Gdy masz siedemnaście lat, a za sobą debiut, pierwszego gola oraz pierwszą asystę na szczeblu centralnym, wydaje się, że piłkarski świat stoi przed tobą otworem. Tak może pomyśleć Jakub Bieroński, młody pomocnik Podbeskidzia, którego dopiero poznają kibice, nie tyle swoi, co ci poza obrębem miasta Bielsko-Biała.
Bo fanom bielskiego zespołu mógł zapaść w pamięci już w poprzednim sezonie, kiedy debiutował w zespole seniorów "Górali". Dostał szansę przeciwko Rakowowi Częstochowa, następnie zaliczył epizody w starciu z Chojniczanką Chojnice oraz Chrobrym Głogów. Swoje pięć minut - i to dosłownie, a nie w przenośni - ma po przerwie pandemicznej tego sezonu. Z Olimpią Grudziądz strzelił pięknego gola, czym zapisał się w pamięci większej grupie fanów. Z kolei z Radomiakiem Radom popisał się efektowną asystą do Łukasza Sierpiny.
- Cieszę się, że mam w zespole starszych kolegów, którzy pomagają mi w sprawnej aklimatyzacji na pierwszoligowych boiskach.
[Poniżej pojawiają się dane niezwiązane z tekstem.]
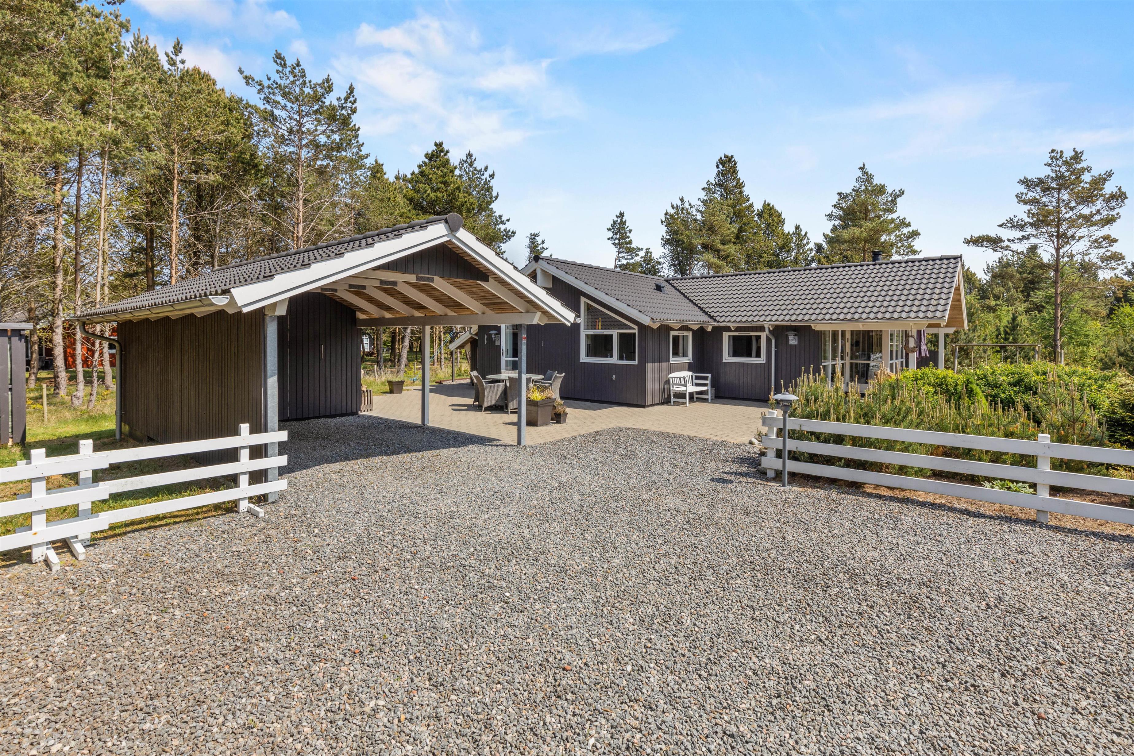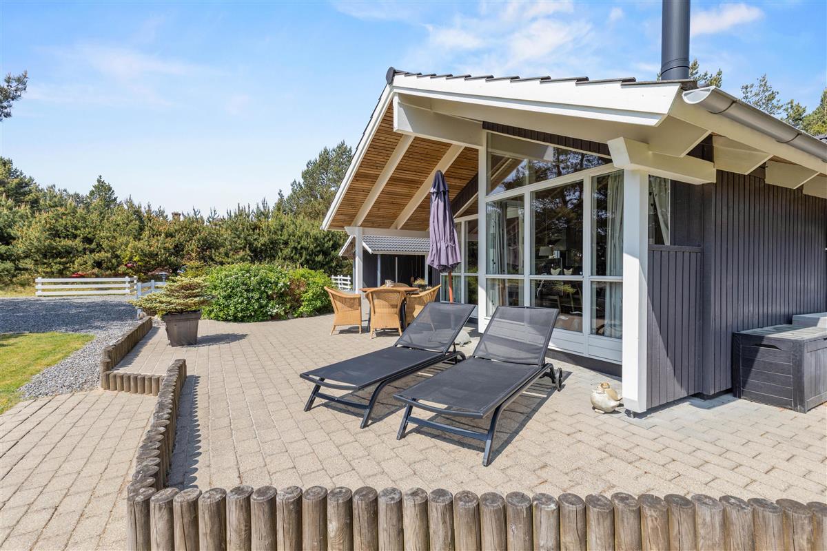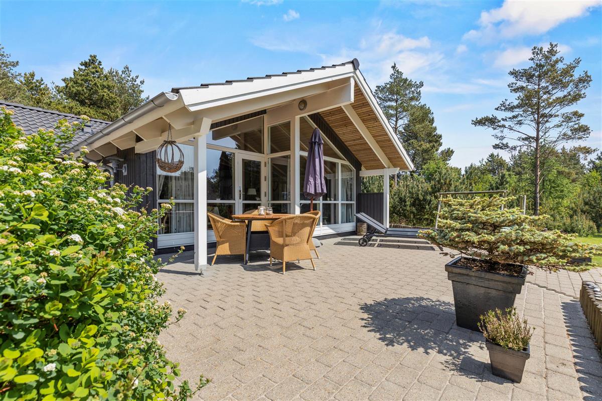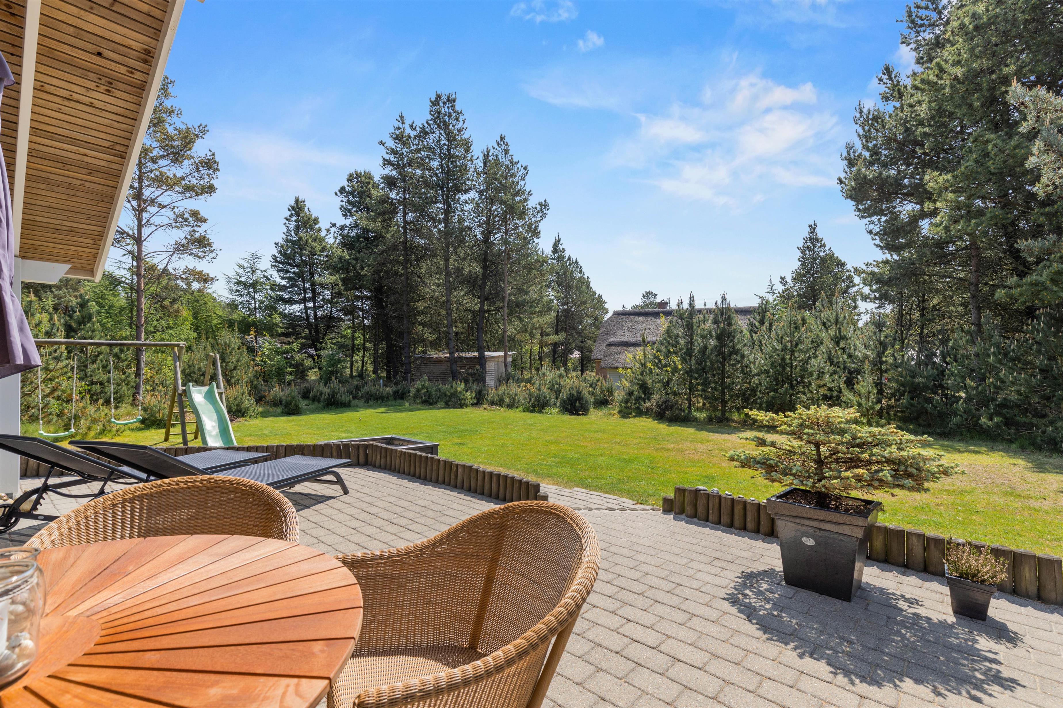 The outdoor area of the holiday home in Houstrup at Guldvangen 42 has everything you need for relaxing and entertaining days outside. Situated on a generous lawn, it offers numerous opportunities for both relaxation and activity. The open terrace is perfect for enjoying breakfast in the morning sun or ending the day with a cosy dinner and a glass of wine.
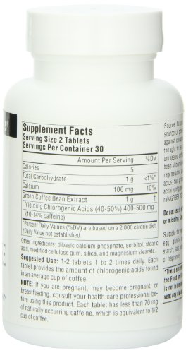 Product Description Derived from raw, unroasted coffee beans;Has been shown in research to support normal cellular regeneration and growth;Each tablet contains the same amount of polyphenols and cholorogenic acids found in an average cup of coffee 0
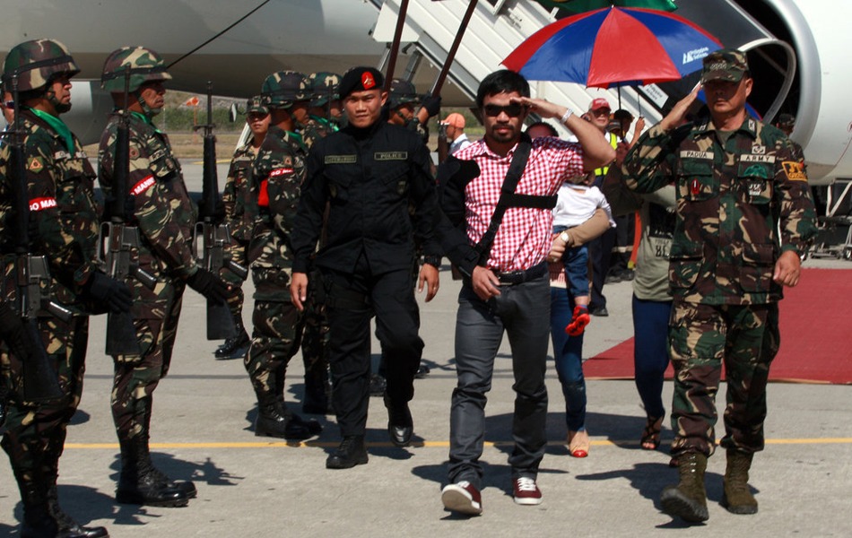 2015年5月15日,菲律宾,帕奎奥在结束与梅威瑟的比赛后回到家乡,乘坐花车街头游行并受到非凡礼遇。
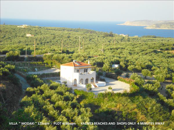 This Cretan south facing spectacular 125 sqm villa is situated in an elevated location with absolutely breathtaking, unobstructed 180deg views to the White Mountains and Draponas Hills and lush country side, the surrounding olive groves and distant local villages. THESE VIEWS CAN NEVER BE LOST. It is the perfect tranquil retreat..The Blue Flag white sandy beaches and Kalives Village centre are only 4 MINUTES AWAY from the villa.
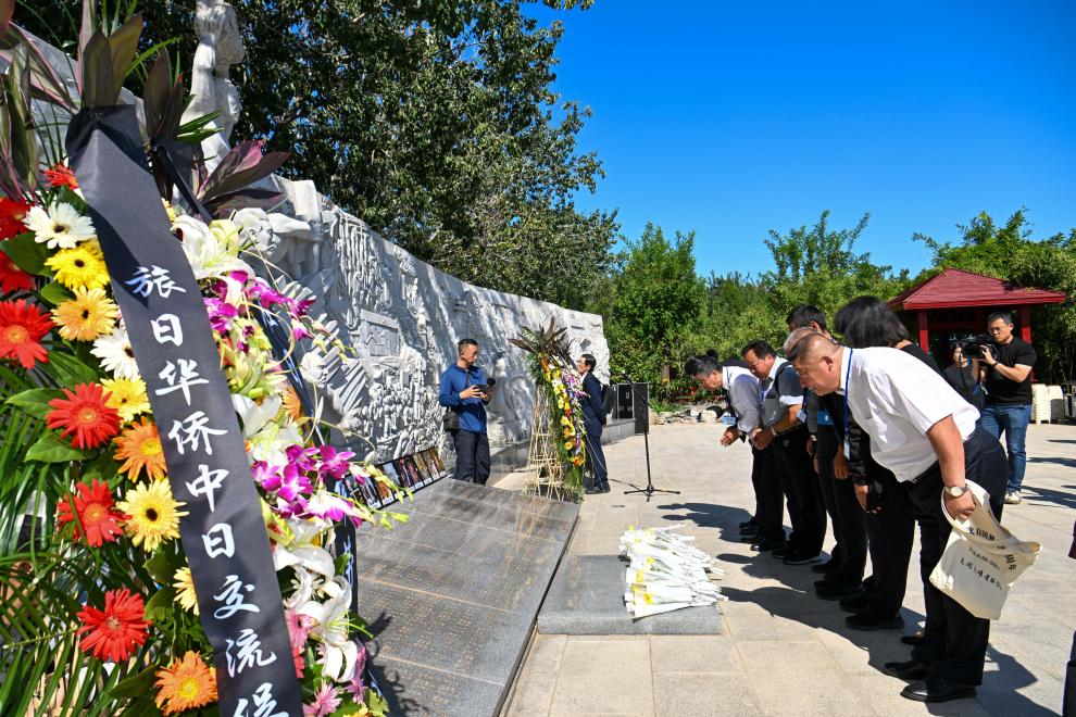 9月18日,中日友好人士在天津“花岡暴動紀念園”獻花鞠躬。新華社記者 孫凡越 攝
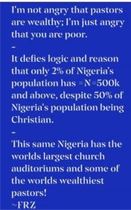 The OAP said he is just angry that while the pastors are wealthy, many Nigerians, some of whom are their congregants, are poor.
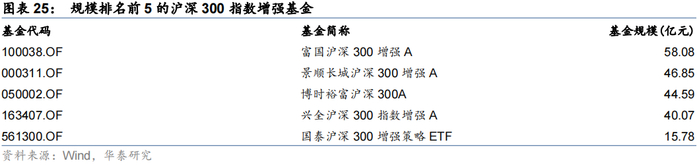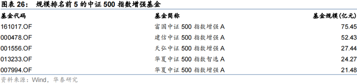 下表展示了规模排名前5的沪深300指数增强基金和中证500指数增强基金。
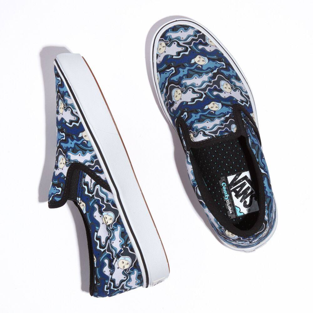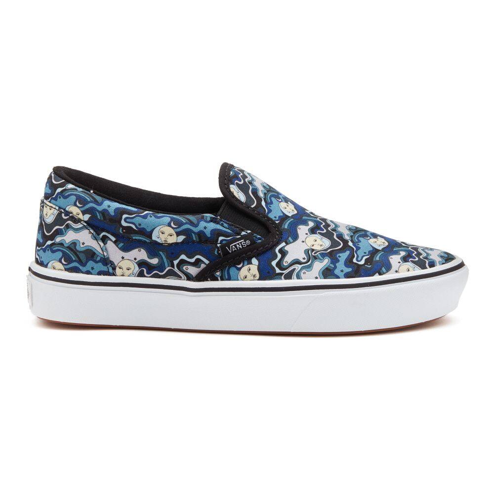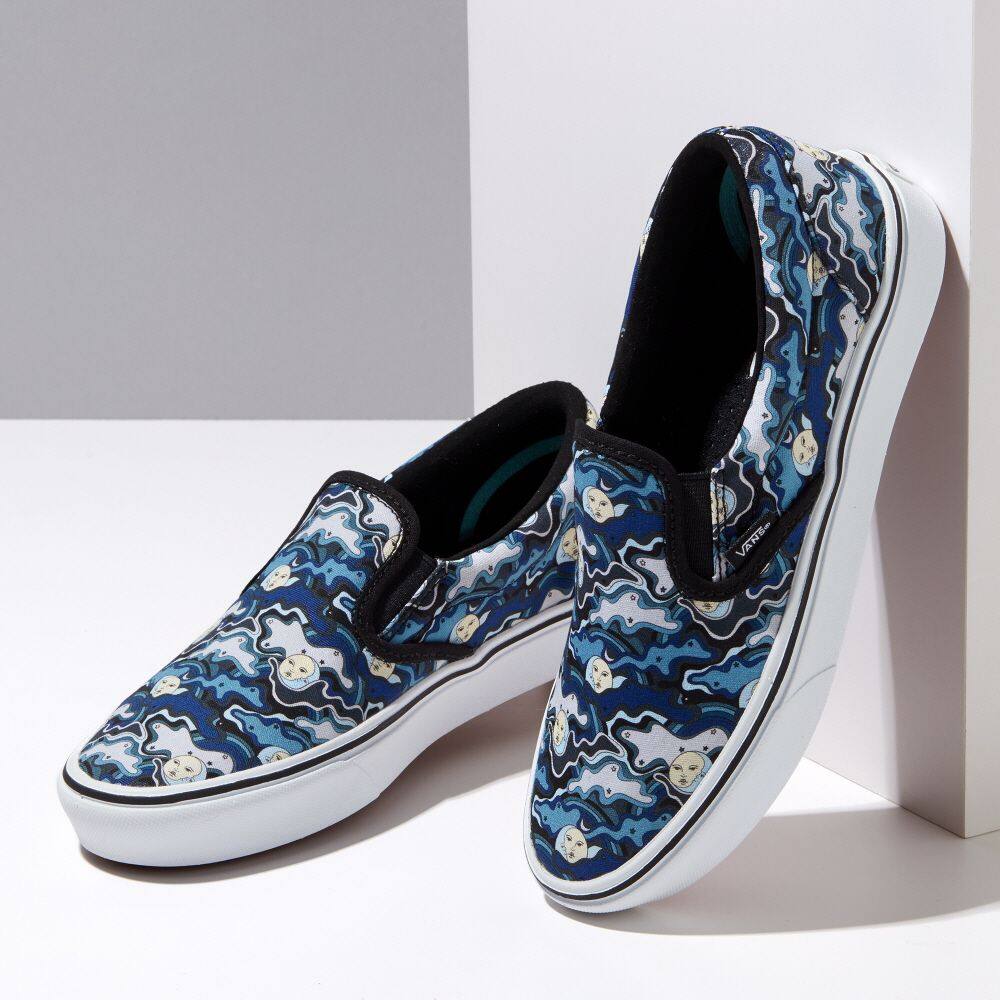 Vans has reinvigorated the classic Slip-On by introducing ComfyCush: a new softer, cushiony outsole that gives the ComfyCush Slip-On a first-class fit that feels like walking on a cloud. Newly constructed canvas uppers house simplified one-piece interiors with added arch support and new moisture-wicking lining throughout, resulting in a lightweight experience that assures youll Keep It Comfy at all times.
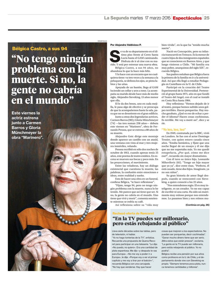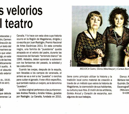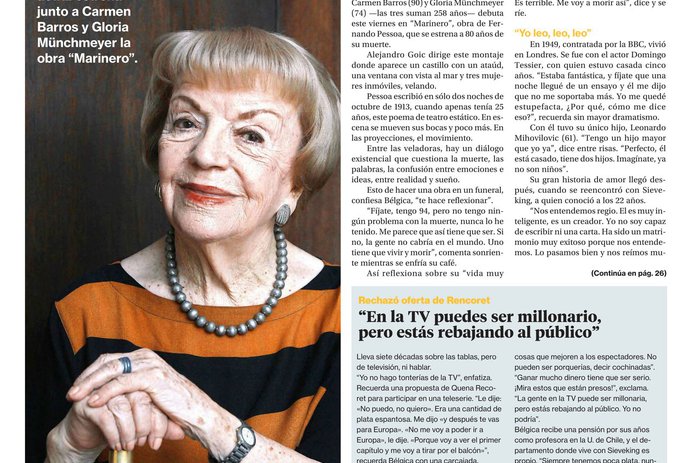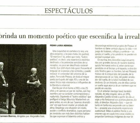 Un castillo con un ataúd. Una ventana con vista al mar. Tres mujeres inmóviles, velando. En escena se mueven sus bocas y poco más. En las proyecciones, el movimiento. Son Gloria Münchmeyer, Carmen Barros y Bélgica Castro interpretando a las tres veladoras de El Marinero, obra que el poeta portugués Fernando Pessoa escribió en sólo dos noches de octubre de 1913, cuando apenas tenía 25 años.
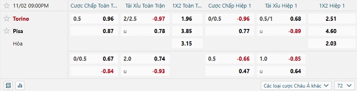 Tip kèo Châu Á hiệp 1 Torino vs Pisa
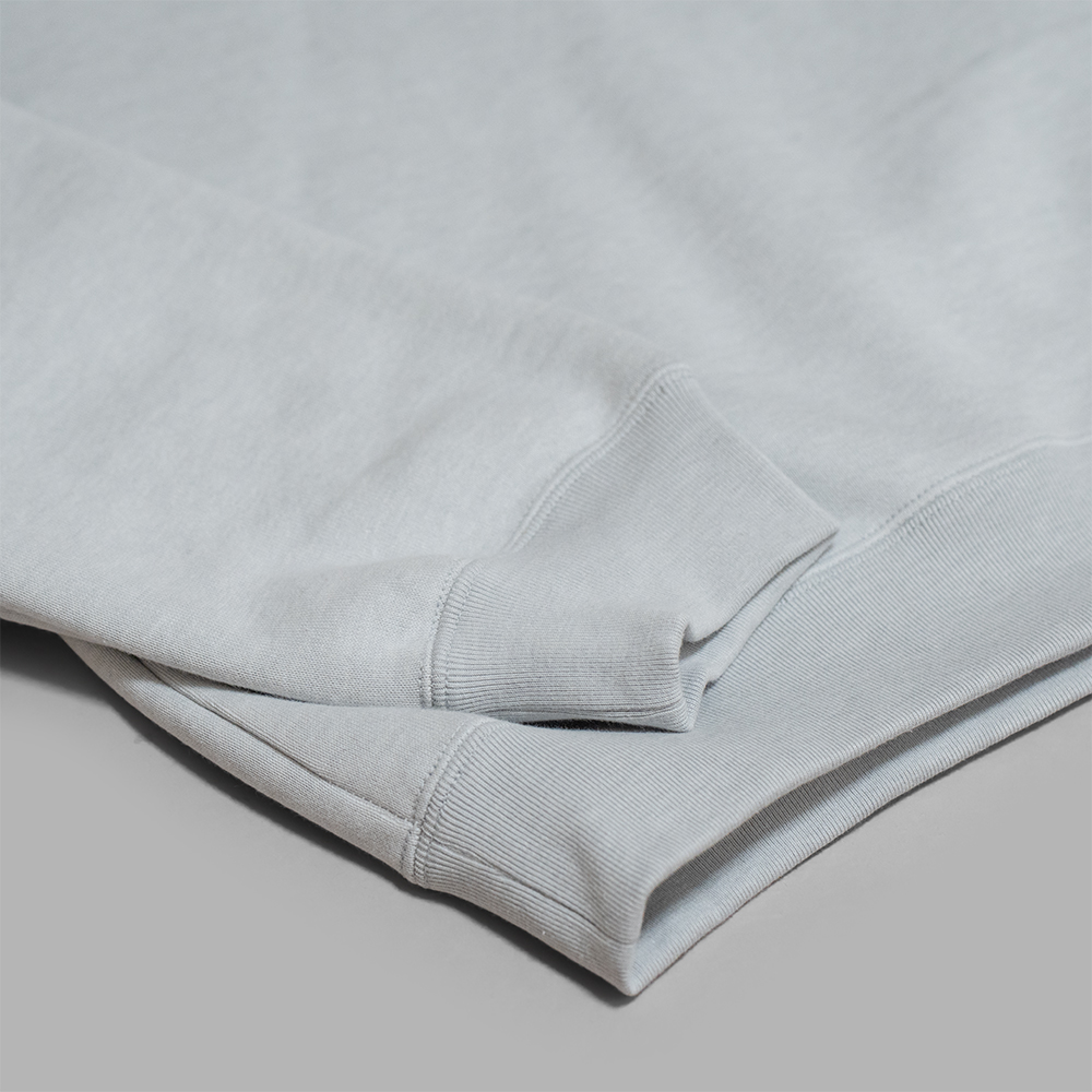やや青みを感じるライトグレーの独特な色味を表現された、晒し杢カラーのコットン裏毛を使用しています。
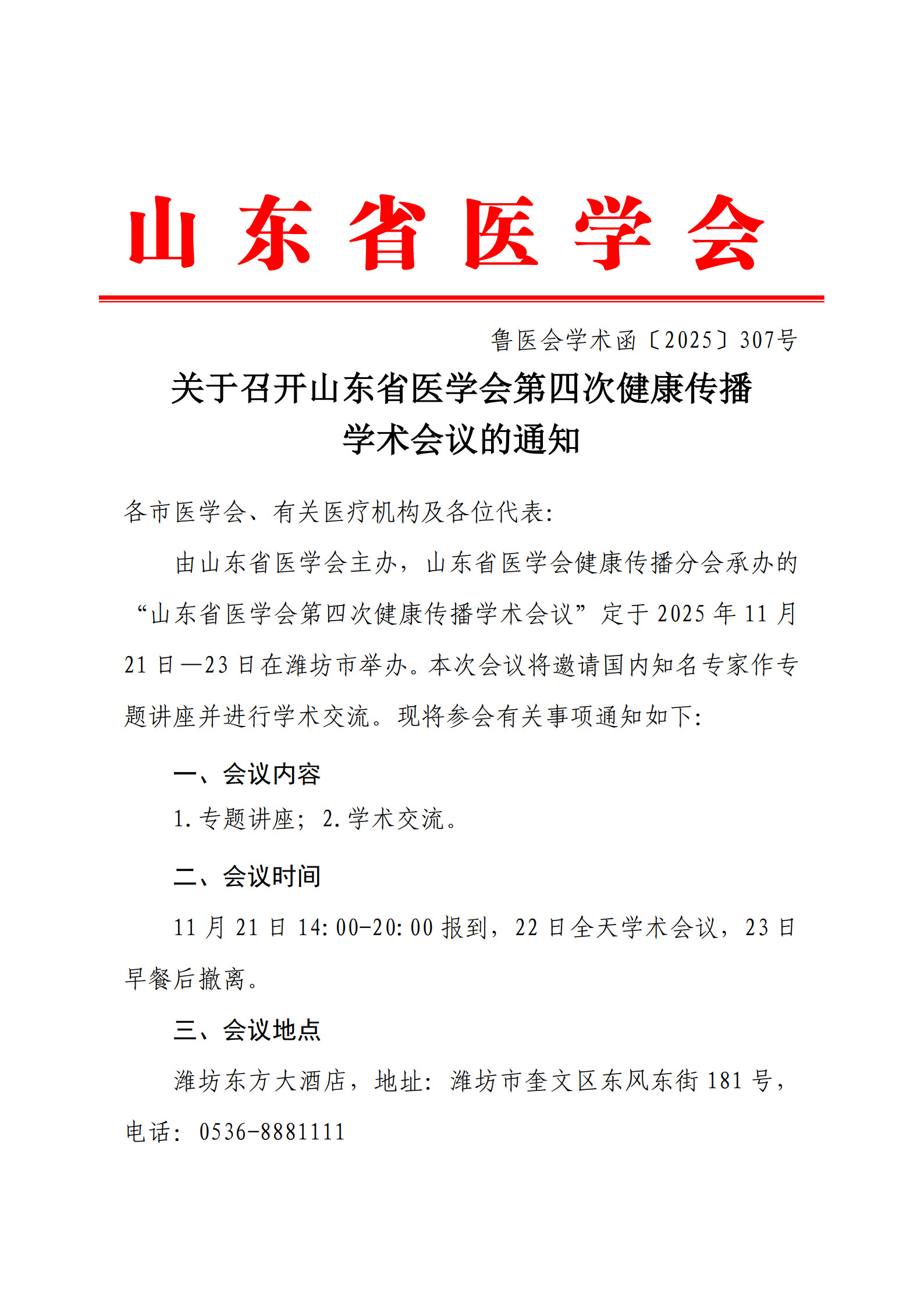 关于召开山东省医学会第四次健康传播学术会议的通知
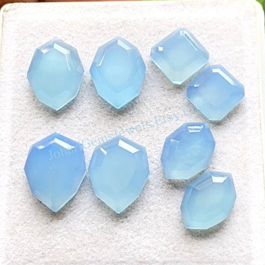 NATURAL Chalcedony Fancy Shape Pair With Flat Back Gemstone 4 Pairs Lot, AAA+ Sky Blue Chalcedony Used For Jewelry Making
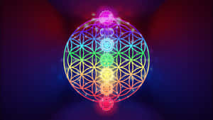 A Flower Of Life In A Circle With Colorful Lights Wallpaper -
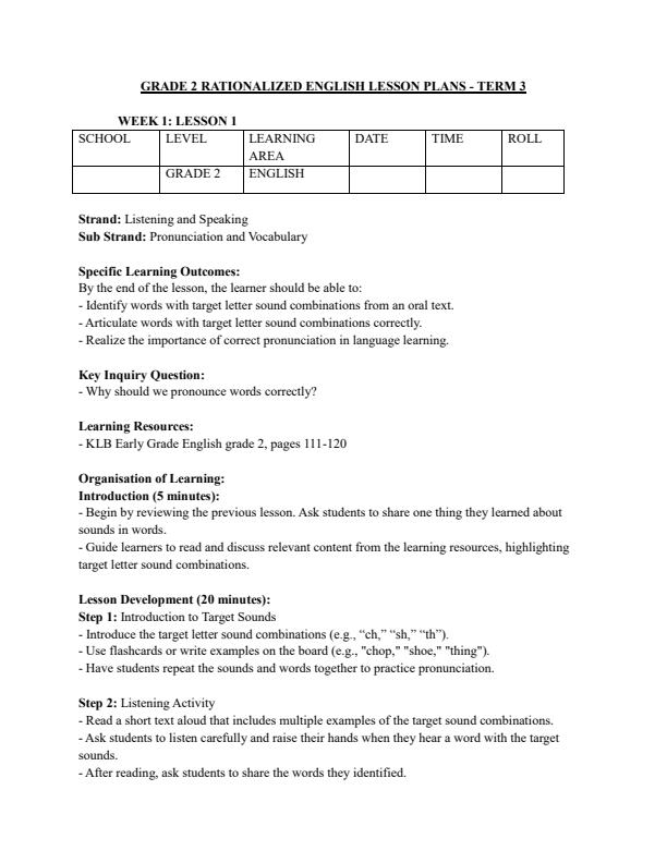 • Grade 2 Rationalized English Lesson Plans Term 3 - KLB Early Grade

Każde udane zagranie, czy bramka z pewnością pomagają mi podbudować się. Muszę jednak zachować pokorę. Gram po to, by pomagać drużynie. Mam nadzieję, że razem uda nam się osiągnąć wspólny cel. Nie zagrałem nie wiadomo ilu meczów, żeby być przykładem dla innych wychowanków akademii. Na pewno każdy młody chłopak marzy o grze w pierwszym zespole. Ja po prostu udowadniam, że jeśli bardzo czegoś chcesz, to możesz to osiągnąć - mówi Bieroński, od którego aż bije pokorą.